Any time the question is "why don't we have...", the answer is almost certainly in the trade-off between weight, maintenance cost, fuel cost, & utility. If it weighs a lot, needs maintenance, burns fuel, and will only be useful once a decade, then it just is not productive.

Putting a complex parachute system on a plane will be heavy, meaning fewer passengers, or less fuel or cargo on board. All that extra weight has to be flown around, requiring fuel. They would need regular maintenance checks, which is another cost.
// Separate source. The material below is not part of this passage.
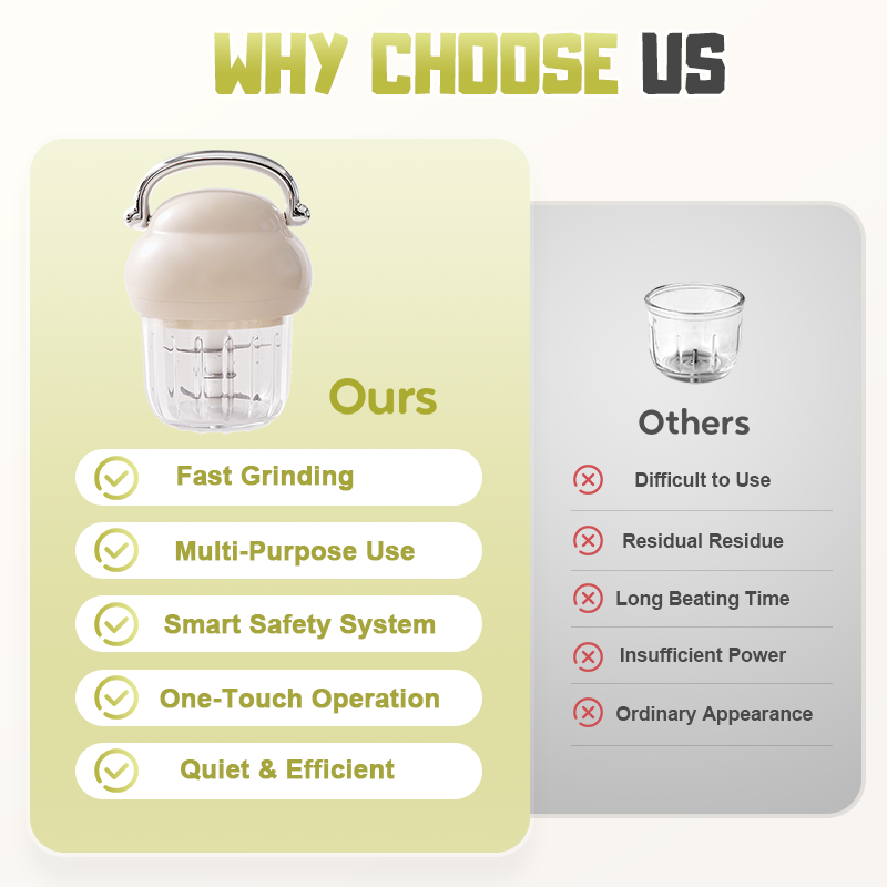 6 LAMES & MOTEUR PUISSANT – Conçues pour une efficacité sans effort, nos lames en acier inoxydable haute vitesse offrent un broyage de qualité restaurant en seulement 30 secondes. Idéal pour la viande, l’ail, les aliments pour bébé et la préparation des repas — vous faisant gagner du temps et de l'énergie en cuisine.

And a parachute would only be useful very, very infrequently (on most planes, it would never be used).

So it is just impossible to justify adding new equipment for a once-in-a-lifetime scenario, which can be better managed with good maintenance, good training, and good planning.

This same line of reasoning goes for "why don't more airplanes have rocket thrusters", "why don't planes have anti-missile systems", "why don't planes have airbags", and many other random items.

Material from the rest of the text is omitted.